ACTIVITY
Without any pictures, print the lines below from the one that has "商品名称:丽美人家纺 2023新款毛巾绣绒四件套 郁金香A" through the one that has "Add in the wrap-around", exactly and nothing else.

EXERCISE INPUT
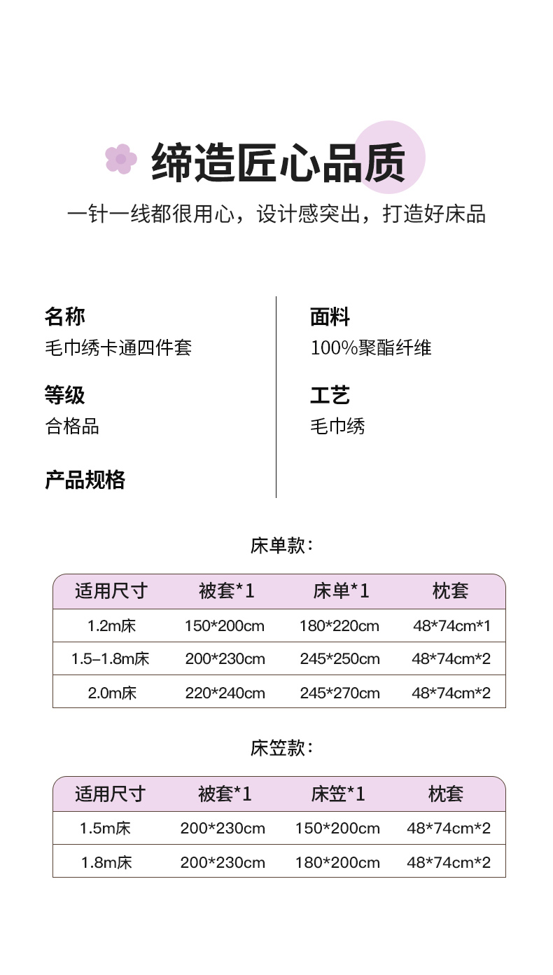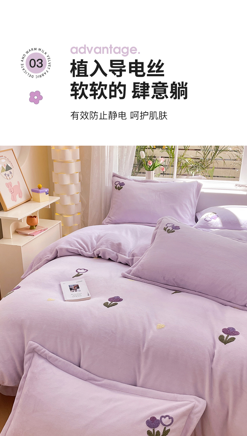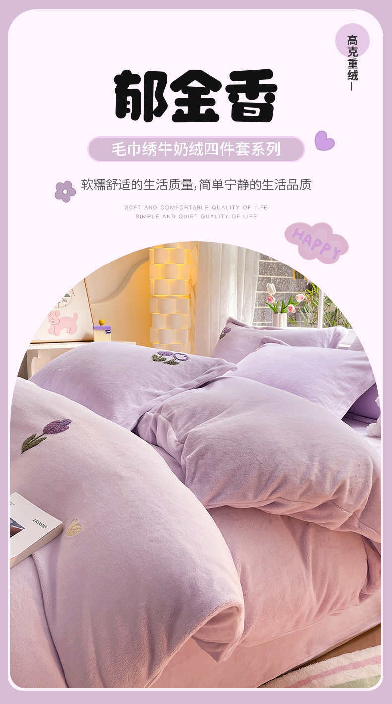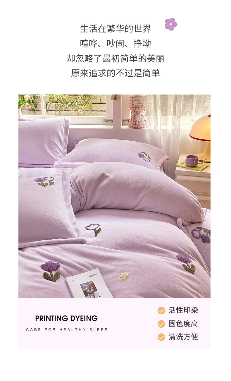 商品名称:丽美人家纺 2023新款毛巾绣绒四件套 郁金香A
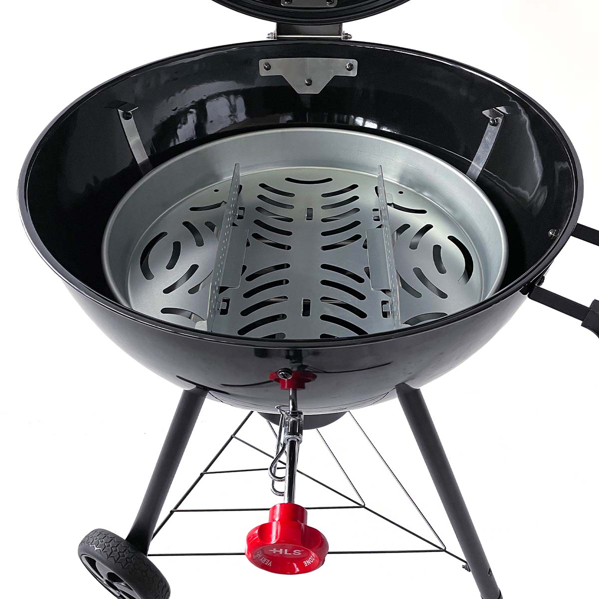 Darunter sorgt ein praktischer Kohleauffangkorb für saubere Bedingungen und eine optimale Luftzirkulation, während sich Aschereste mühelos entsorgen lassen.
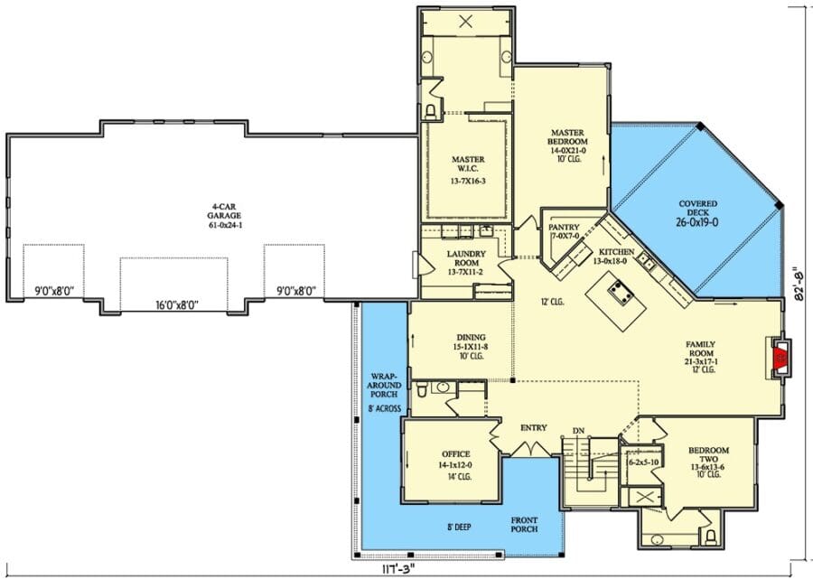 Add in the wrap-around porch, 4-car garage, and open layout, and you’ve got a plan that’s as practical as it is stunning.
==
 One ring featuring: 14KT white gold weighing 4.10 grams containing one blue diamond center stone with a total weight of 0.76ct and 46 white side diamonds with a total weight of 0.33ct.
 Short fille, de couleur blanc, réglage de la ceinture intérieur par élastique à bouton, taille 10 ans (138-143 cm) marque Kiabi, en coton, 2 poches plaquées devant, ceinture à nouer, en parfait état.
...
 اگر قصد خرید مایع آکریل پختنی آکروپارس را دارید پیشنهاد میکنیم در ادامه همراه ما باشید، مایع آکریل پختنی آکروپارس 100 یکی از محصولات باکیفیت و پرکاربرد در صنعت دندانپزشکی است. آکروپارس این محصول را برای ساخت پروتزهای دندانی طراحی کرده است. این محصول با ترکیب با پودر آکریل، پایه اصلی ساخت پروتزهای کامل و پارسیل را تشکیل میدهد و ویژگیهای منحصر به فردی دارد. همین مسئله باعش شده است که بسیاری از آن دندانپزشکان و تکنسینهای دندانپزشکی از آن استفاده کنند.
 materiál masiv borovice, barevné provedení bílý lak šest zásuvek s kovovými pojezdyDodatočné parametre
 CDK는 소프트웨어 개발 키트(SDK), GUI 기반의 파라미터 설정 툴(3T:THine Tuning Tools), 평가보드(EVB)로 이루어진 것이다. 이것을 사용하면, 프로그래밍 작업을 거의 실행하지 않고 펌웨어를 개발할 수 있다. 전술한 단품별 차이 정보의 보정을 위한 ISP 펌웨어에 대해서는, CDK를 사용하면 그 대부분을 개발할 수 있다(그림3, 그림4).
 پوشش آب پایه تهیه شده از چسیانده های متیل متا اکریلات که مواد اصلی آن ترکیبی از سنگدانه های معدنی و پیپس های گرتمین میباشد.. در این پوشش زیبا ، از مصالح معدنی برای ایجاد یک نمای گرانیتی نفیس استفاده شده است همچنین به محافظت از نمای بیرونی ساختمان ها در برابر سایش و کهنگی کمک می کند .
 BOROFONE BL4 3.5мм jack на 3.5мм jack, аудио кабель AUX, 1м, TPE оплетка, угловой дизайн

WRITTEN ANSWER
 商品名称:丽美人家纺 2023新款毛巾绣绒四件套 郁金香A
 Darunter sorgt ein praktischer Kohleauffangkorb für saubere Bedingungen und eine optimale Luftzirkulation, während sich Aschereste mühelos entsorgen lassen.
 Add in the wrap-around porch, 4-car garage, and open layout, and you’ve got a plan that’s as practical as it is stunning.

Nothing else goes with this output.